I never said I wanted to upgrade to Windows Vista. That would just make the PC slower. And this thread is not about attacking Macboys! So please stop stop stop....


----------



## tallbeing (Jul 31, 2008)

Vista may have all the security and advanced GUI feature that XP was lacking but it is not at all that necessary to dump XP and install Vista. I feel Vista was not necessary at all. Instead, Microsoft should have released a paid upgrade with the bare necessary features like WinFS (although not included with Vista, but is expected to be bundled with the next version of Windows), utilisation of all the 64 bit registrars of the processor (though a 64 bit version of XP was released) User Account Control, Instant Search etc etc.
I suggest you wait for the release of Windows code named Windows 7 as many reviews of both Digit and other online mags have found out Vista needing at least 2.5 GB of RAM to run smoothly with all the services and apps running in the background. Add to that, the Windows 7 will incorporate a new kernel called MinWin that will need just 512 MB of RAM for a decent performance.


----------



## JEskandari (Aug 1, 2008)

depend on your system if your computer rating is les than 3.5-4 just don't waste your time on Vista ,other wise throw xp out of the windows and install wista


----------



## prasath_digit (Aug 1, 2008)

for how many days we r going to use the 2001 software technology(Windows XP Kernel) in out 2007-08 technology machines(AMD X2, Core 2 Duo,Quad,G80,G92)?.........Dich XP to the garbage, Vista all the way.......

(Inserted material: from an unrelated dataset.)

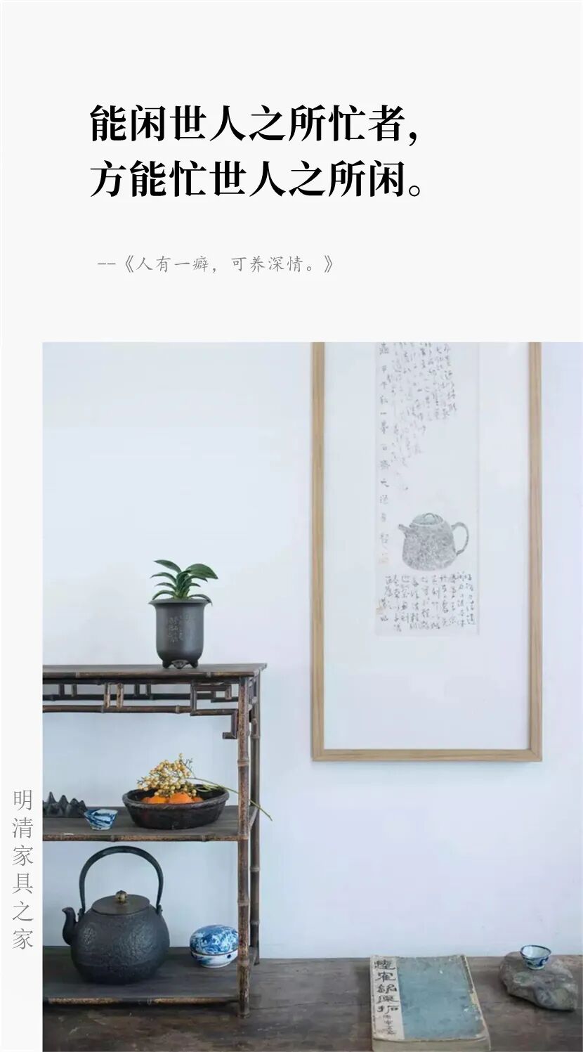 楼上看山,城头看雪,灯前看月,舟中看霞,月下看美人……追求精致生活,以及此时文人的情趣在器物上的体现,足以让我们体会到那时家具、陈设、生活之美了。所谓:才思一缕,片花寸草,岁月晴照;情趣几分,遥水近山,不遗玄想。

Even if u say Vista has bugs, then so does .NET FrameWork 1.0.....but by the time MS got to .NET Version 3.5 it in many ways rivals J2EE technology seriously.......Initially MS products were problamatic but with subsequent releases they will be damn good........

And only if everyone use Vista(Instead of complaining, which is very easy)....it is possible to find solution all get along with the latest technology.......

As A true Computer enthusiast I'll say.........Vista all the way.........


----------



## tallbeing (Aug 1, 2008)

prasath_amd said:


> for how many days we r going to use the 2001 software technology(Windows XP Kernel) in out 2007-08 technology machines(AMD X2, Core 2 Duo,Quad,G80,G92)?.........Dich XP to the garbage, Vista all the way.......
> 
> Even if u say Vista has bugs, then so does .NET FrameWork 1.0.....but by the time MS got to .NET Version 3.5 it in many ways rivals J2EE technology seriously.......Initially MS products were problamatic but with subsequent releases they will be damn good........
> 
> ...


Yes, for the first para you are right but these new hardware costs a premium considering the fact that they are not compatible with a two or three year old P.C. and we will have to shell out money for the whole system to run them in their full glory. Moreover not many of us have been blessed with a quad core processor with a 98 GT card which takes optimum advantage of the DX 10 and 10.1 API. Most people are still stuck with a P4 or still better a Dual Core processor with just an IGP. 
In addition to that Windows 7 is just round the corner which as i mentioned earlier will need very less amount of sys resources (will need just 512 MB of RAM to run smoothly) so why invest in a 50 k system + Original copy Vista when just your current PC can handle to be released Windows 7 easily.
I suggest you all to wait patiently as patient has its err...own reward


----------



## Cool G5 (Aug 1, 2008)

prasath_amd said:


> for how many days we r going to use the 2001 software technology(Windows XP Kernel) in out 2007-08 technology machines(AMD X2, Core 2 Duo,Quad,G80,G92)?.........Dich XP to the garbage, Vista all the way.......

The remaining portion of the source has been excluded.